The skill rewrite is where the design really clicked for me. The original OpenClaw skill calls Python directly and expects OPENAI_API_KEY in the environment - you can read it here. The refactored version doesn't touch credentials at all. It just posts to an internal URL. That is the entire skill.

POST http://openai-image-gen:5000/generate

From the agent's perspective, that one line is the whole change. The skill sends a request and the service handles authentication. The credential never crossed the network boundary into the agent container. The openai-image-gen source is a separate repo you can fork and adapt for other tool services.

Trade-offs: When to Add This Complexity

Two services to build, an internal network to manage, and secrets files to provision before launch - this is real overhead. Worth it when the tool holds a third-party API key, the agent runs in a shared or production environment, or the skill came from a public registry. Probably overkill if you are prototyping on a trusted machine with low-sensitivity keys.

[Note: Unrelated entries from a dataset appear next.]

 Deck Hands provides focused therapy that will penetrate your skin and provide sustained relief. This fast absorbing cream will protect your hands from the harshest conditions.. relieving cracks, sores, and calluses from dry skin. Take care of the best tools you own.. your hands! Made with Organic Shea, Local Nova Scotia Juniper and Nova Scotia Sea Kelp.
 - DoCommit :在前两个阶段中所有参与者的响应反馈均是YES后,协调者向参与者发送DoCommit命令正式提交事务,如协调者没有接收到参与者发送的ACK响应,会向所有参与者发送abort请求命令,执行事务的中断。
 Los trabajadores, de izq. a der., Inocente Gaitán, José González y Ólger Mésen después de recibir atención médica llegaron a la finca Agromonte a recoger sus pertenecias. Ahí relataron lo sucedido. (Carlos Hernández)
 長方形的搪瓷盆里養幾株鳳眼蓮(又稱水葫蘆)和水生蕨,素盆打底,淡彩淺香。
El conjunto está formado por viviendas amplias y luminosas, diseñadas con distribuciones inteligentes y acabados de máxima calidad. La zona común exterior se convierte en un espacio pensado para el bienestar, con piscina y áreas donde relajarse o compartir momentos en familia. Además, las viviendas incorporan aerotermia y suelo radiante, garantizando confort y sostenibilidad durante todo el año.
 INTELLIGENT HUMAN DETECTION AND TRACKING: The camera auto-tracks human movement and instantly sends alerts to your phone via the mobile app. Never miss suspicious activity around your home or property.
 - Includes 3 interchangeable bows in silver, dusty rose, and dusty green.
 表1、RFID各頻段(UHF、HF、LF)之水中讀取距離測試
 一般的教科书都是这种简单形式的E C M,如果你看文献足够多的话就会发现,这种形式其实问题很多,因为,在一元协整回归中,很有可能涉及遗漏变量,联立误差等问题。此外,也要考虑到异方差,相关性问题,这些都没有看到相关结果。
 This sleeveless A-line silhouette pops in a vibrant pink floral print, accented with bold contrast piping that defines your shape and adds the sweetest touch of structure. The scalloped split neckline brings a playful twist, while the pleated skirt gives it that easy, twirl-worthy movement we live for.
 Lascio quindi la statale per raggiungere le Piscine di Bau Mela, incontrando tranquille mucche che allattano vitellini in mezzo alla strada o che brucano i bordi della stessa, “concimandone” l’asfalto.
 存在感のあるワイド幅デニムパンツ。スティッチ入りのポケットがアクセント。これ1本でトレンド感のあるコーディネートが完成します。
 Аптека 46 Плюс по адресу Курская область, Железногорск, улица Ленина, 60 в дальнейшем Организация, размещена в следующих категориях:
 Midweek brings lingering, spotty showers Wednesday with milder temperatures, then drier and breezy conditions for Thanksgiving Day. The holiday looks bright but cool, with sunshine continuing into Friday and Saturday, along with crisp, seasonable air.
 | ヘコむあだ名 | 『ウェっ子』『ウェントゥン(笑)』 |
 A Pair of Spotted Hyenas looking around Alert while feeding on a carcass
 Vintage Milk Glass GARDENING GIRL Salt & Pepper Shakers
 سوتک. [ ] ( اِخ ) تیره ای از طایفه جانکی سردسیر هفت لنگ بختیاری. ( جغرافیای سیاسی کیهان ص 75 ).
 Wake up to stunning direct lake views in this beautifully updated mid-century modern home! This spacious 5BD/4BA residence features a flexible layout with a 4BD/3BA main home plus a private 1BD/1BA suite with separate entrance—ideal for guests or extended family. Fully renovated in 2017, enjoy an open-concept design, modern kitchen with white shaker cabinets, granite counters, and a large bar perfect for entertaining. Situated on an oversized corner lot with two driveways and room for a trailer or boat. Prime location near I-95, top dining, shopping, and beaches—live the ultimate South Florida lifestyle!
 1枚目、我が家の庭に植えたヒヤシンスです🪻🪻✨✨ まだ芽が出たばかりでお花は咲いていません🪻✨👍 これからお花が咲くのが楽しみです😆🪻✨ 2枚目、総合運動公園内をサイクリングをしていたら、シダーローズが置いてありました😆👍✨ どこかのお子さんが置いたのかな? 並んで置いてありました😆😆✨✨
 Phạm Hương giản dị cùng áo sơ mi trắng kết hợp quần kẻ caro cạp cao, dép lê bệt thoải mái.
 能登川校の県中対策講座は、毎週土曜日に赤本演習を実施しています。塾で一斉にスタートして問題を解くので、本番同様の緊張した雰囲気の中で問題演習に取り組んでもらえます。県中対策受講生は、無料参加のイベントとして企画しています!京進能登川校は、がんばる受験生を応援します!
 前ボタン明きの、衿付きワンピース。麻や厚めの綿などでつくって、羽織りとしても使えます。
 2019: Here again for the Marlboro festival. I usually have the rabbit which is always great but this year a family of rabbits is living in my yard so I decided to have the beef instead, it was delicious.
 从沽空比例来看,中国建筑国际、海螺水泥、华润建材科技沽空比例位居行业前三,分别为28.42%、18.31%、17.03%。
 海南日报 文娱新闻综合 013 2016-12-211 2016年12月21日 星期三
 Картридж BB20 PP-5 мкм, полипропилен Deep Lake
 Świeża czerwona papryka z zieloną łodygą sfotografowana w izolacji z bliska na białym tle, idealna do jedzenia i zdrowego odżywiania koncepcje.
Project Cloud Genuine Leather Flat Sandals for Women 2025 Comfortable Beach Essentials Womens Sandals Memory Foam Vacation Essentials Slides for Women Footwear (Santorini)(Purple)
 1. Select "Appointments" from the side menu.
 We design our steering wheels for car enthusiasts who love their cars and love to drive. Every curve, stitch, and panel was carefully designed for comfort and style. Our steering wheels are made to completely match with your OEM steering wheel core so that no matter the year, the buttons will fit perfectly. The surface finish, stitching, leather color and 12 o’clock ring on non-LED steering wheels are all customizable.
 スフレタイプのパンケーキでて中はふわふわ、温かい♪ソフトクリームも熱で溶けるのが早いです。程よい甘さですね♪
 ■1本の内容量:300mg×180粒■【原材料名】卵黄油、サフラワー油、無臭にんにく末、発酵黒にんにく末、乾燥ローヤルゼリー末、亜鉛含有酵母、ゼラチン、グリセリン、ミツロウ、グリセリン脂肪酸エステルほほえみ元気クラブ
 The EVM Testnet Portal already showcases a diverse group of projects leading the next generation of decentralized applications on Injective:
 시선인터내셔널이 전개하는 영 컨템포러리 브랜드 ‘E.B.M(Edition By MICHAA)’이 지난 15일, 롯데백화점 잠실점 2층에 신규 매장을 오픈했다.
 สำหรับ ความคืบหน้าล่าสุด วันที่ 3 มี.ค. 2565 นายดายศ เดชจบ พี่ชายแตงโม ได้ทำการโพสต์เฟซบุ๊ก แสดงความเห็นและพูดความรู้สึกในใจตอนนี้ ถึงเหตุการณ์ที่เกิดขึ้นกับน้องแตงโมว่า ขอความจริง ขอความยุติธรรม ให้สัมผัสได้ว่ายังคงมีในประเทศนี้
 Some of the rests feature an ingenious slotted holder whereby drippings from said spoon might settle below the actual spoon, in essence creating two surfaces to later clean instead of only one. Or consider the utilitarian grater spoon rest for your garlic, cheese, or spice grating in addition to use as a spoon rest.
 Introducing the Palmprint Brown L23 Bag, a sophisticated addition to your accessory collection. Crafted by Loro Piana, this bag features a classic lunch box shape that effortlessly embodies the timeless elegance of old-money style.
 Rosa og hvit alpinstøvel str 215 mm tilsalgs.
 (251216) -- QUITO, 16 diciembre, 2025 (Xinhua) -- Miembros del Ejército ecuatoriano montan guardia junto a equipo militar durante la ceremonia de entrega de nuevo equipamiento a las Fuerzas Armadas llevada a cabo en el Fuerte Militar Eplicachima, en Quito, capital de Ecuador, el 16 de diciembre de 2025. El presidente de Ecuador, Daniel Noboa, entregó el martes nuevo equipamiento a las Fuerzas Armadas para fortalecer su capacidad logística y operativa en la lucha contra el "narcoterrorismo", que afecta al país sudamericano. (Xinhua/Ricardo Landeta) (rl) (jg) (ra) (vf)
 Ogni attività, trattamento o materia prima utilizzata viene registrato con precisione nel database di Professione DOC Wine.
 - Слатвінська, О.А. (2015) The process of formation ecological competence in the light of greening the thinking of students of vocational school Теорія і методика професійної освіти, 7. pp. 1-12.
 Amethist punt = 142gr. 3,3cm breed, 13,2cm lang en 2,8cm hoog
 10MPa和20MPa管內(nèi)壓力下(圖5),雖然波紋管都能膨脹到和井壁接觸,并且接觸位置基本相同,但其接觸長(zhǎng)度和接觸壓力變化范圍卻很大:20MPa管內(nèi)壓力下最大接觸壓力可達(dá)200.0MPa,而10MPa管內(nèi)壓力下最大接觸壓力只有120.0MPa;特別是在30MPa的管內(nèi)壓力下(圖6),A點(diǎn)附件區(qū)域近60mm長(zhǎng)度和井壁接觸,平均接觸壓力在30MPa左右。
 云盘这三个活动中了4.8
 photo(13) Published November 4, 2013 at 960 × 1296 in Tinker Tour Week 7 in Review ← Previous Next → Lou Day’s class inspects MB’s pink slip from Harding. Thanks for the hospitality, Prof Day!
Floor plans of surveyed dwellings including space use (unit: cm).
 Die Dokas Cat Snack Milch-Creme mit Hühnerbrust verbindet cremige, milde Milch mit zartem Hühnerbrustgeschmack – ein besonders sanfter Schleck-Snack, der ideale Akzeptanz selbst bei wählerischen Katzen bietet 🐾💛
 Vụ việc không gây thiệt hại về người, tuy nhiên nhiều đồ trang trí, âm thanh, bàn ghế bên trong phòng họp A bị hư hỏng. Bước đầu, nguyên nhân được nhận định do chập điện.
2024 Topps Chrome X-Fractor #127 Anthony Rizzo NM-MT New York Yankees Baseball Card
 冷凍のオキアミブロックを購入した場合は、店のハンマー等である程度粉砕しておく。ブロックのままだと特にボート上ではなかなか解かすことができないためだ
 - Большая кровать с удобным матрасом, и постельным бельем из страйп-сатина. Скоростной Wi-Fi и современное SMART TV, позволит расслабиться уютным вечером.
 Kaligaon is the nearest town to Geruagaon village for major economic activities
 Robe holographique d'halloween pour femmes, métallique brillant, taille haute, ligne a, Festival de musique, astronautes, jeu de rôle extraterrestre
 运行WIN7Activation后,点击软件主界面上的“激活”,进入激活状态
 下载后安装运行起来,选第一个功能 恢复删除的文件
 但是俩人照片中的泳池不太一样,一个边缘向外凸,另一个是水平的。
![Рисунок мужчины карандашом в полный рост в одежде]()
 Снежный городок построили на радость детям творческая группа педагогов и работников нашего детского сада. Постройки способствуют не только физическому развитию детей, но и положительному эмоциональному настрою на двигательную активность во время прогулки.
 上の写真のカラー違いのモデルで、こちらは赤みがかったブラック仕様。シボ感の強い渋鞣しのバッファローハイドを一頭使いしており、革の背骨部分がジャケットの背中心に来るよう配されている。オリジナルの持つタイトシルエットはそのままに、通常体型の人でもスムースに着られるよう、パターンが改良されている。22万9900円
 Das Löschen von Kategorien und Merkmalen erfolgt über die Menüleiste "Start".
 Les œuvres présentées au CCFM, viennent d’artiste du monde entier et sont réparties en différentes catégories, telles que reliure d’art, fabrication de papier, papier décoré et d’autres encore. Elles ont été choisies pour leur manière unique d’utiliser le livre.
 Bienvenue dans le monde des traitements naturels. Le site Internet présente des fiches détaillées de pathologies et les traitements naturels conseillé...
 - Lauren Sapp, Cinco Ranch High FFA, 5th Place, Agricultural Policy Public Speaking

For new tooling, MCP (Model Context Protocol) is worth a look - it offers a standards-based channel with per-client consent, which solves a similar problem with less hand-rolling. It has its own attack surface (SSRF, session hijacking), but it is a reasonable alternative to a custom HTTP wrapper.

One caveat: Docker isolation is defense-in-depth, not a guarantee. Container escapes exist. Non-root user and no-new-privileges: true are required, not optional.

Next Steps

The heuristic is simple: if a skill or tool touches a credential, containerize it. Give it an HTTP interface. Keep the credential out of the agent's reach entirely.

Fork agent-tools-at-arms-length as a starting template and adapt the openai-image-gen service for your own tool. Audit your existing skills for any that read from environment variables. For new tooling, check whether MCP fits your stack before building a custom HTTP wrapper.

The goal is straightforward: a bad prompt or a compromised skill package should not be able to reach your most sensitive keys.